■ Problem description
In the entries below, repeat only the lines between those holding "Signed Hard Boiled" and "У Житомирі під", inclusive. Leave pictures out.

■ Listed records

=== Section Start ===

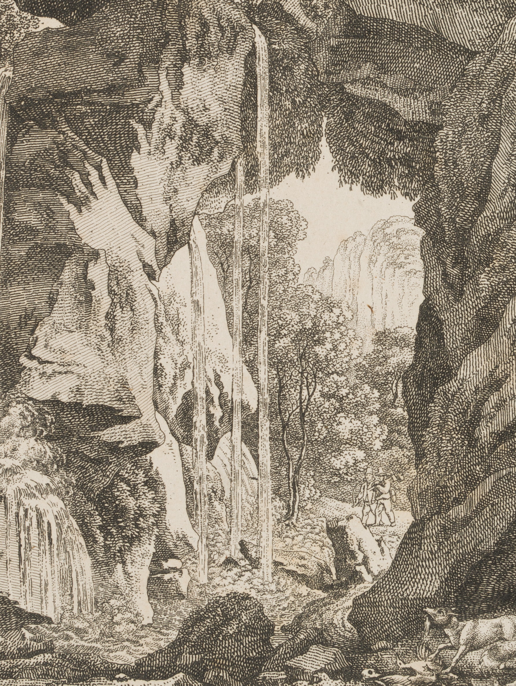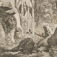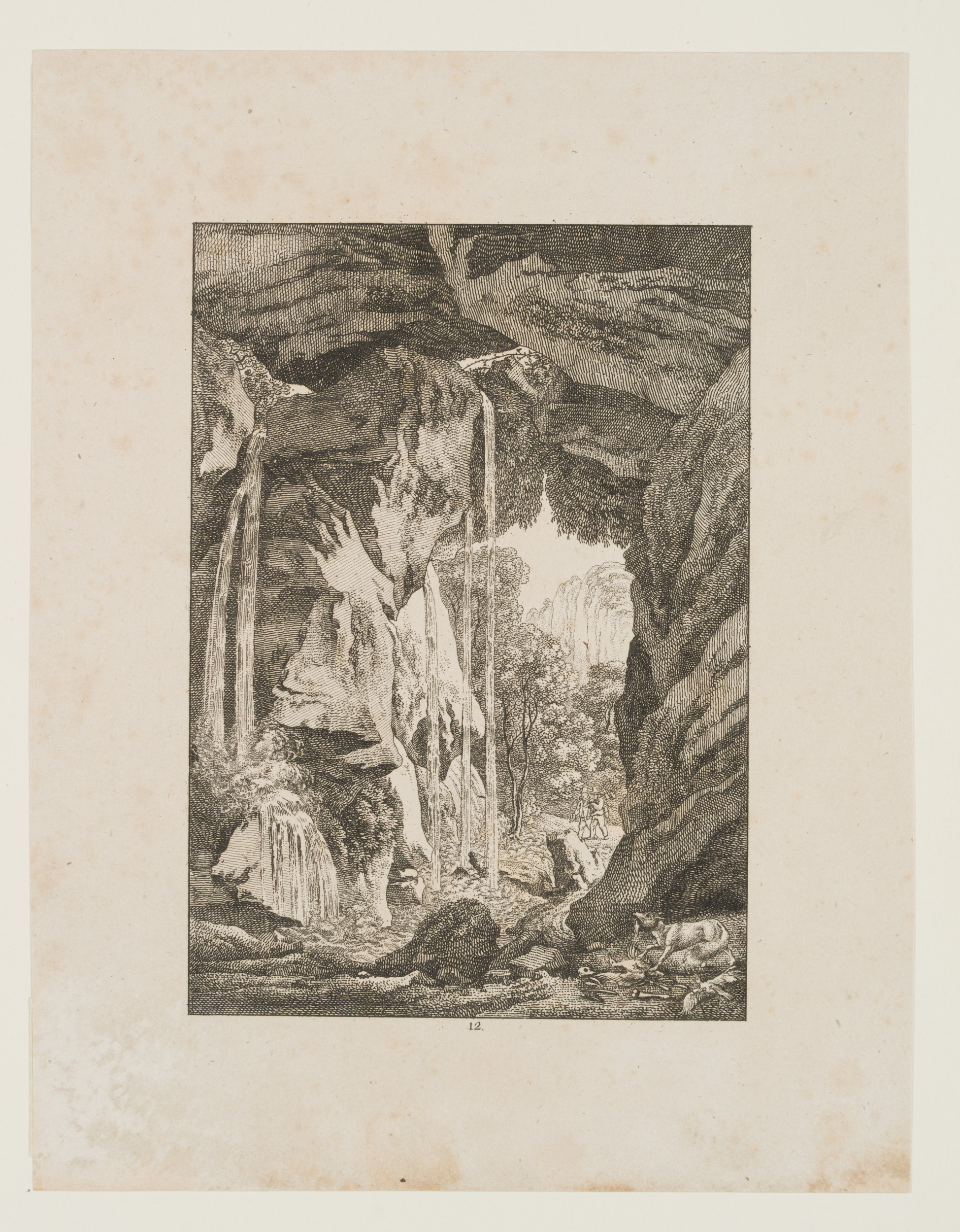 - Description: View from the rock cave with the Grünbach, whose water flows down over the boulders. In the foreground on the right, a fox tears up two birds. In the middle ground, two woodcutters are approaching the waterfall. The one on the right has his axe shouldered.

=== Section End ===
=== Section Start ===

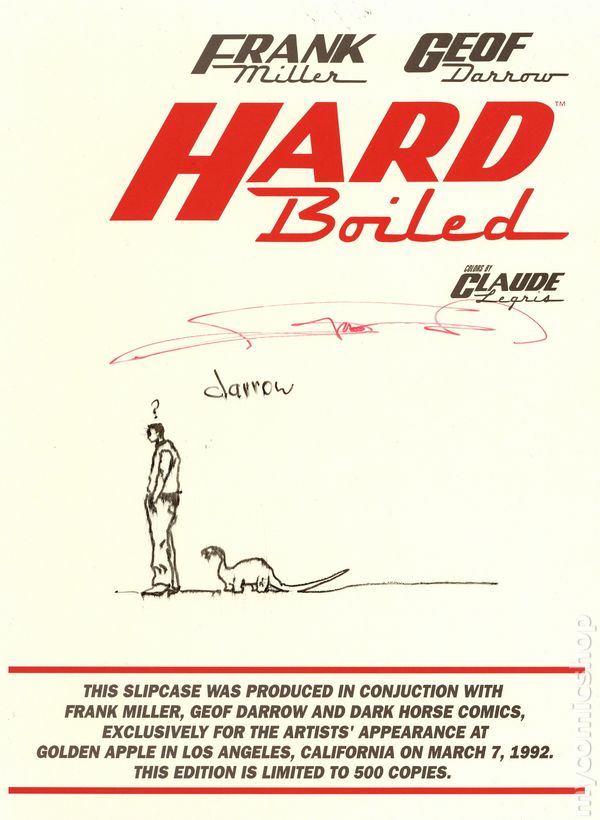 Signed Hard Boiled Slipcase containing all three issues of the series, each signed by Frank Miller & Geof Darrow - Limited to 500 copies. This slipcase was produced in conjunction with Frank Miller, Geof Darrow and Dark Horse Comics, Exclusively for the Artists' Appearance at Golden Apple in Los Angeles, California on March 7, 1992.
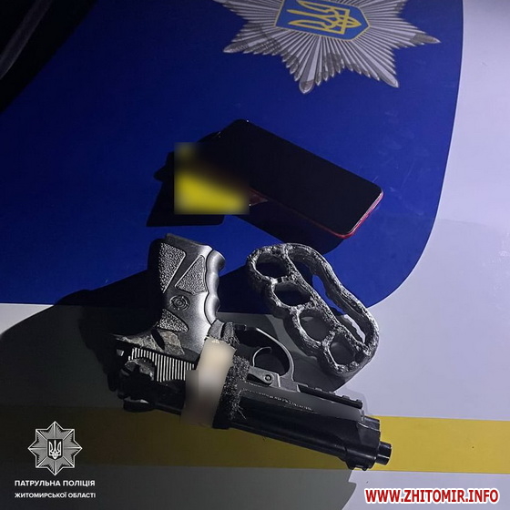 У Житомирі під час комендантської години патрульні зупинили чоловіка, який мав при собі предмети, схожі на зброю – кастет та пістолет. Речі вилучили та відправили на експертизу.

=== Section End ===
=== Section Start ===

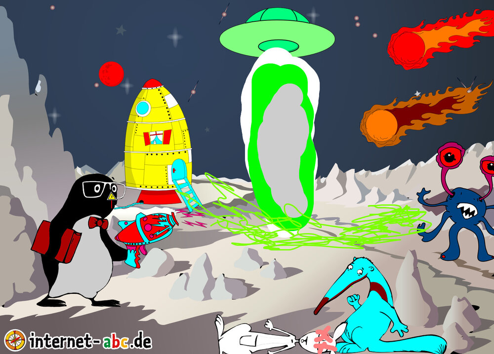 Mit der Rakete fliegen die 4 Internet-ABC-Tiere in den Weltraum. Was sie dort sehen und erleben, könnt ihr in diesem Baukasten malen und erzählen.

=== Section End ===

■ Completed task
 Signed Hard Boiled Slipcase containing all three issues of the series, each signed by Frank Miller & Geof Darrow - Limited to 500 copies. This slipcase was produced in conjunction with Frank Miller, Geof Darrow and Dark Horse Comics, Exclusively for the Artists' Appearance at Golden Apple in Los Angeles, California on March 7, 1992.
 У Житомирі під час комендантської години патрульні зупинили чоловіка, який мав при собі предмети, схожі на зброю – кастет та пістолет. Речі вилучили та відправили на експертизу.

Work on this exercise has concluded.